Saturday was the day I flew from Bangkok to Bali. I'd felt a little ill the night before, all right when I woke up, although I had diarrhea and had to hit the john pretty quickly in the airport. But there was a huge hang-up at the check-in counter, the flight was delayed 2 hours and there was a very long line. I stood there for nearly 40 minutes, and then started feeling very sick. Left my bags sitting in the line and went over to sit down on a luggage platform. I just got on feeling worse and worse, sweating, pulse racing and my vision blacking out, and I really felt like I was about to die, and my luggage was standing alone out in the middle of the floor. I decided I had to get out of the terminal building, at least for some fresh air and maybe for a taxi back to town, so I mustered my strength and hustled myself and my bags out to a bench outside the building. I sat there for a half hour and finally started to feel better, waited until I thought the line at the checkout counter would be down, dragged myself back in via the toilet, and managed to get checked in for the flight. Got some light breakfast and a bit of a nap in the waiting room, and felt half OK by the time I got on the plane.

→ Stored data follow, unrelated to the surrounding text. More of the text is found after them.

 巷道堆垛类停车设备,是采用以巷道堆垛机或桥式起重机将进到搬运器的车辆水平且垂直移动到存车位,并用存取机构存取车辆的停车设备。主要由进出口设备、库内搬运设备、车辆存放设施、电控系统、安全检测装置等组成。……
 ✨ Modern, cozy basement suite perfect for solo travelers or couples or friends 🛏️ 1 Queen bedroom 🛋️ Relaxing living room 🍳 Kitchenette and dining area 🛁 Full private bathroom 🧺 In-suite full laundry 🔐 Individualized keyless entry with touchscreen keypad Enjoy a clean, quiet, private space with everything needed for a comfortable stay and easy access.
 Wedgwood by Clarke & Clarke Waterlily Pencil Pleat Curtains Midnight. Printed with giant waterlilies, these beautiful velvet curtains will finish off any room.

It was a fairly long flight, stopping at Singapore and Jakarta before it got to Bali at sunset, and I was glad to have a reservation already at the Bali Beach Hotel. Very deluxe. Had dinner and got to bed early.
Ah Bali - woke up to a hot sun and clear blue sky and stepped out onto my balcony and saw the surf on the reef out in the distance, and six or seven catamrans sailing back and forth in the lagoon below the hotel. Had a big breakfast, pork sausages, eggs, fruit, coffee and a roll or two, and then checked out and got a taxi across to Kuta Beach to find a cheap hotel for the balance of my stay.
I was driven over in a big Australian car, a Holden, apparently just about a direct copy of a Chevy Malibu sedan, and found a pretty pleasant and clean hotel for $4 per night, about 5 minutes walk up the road from the beach.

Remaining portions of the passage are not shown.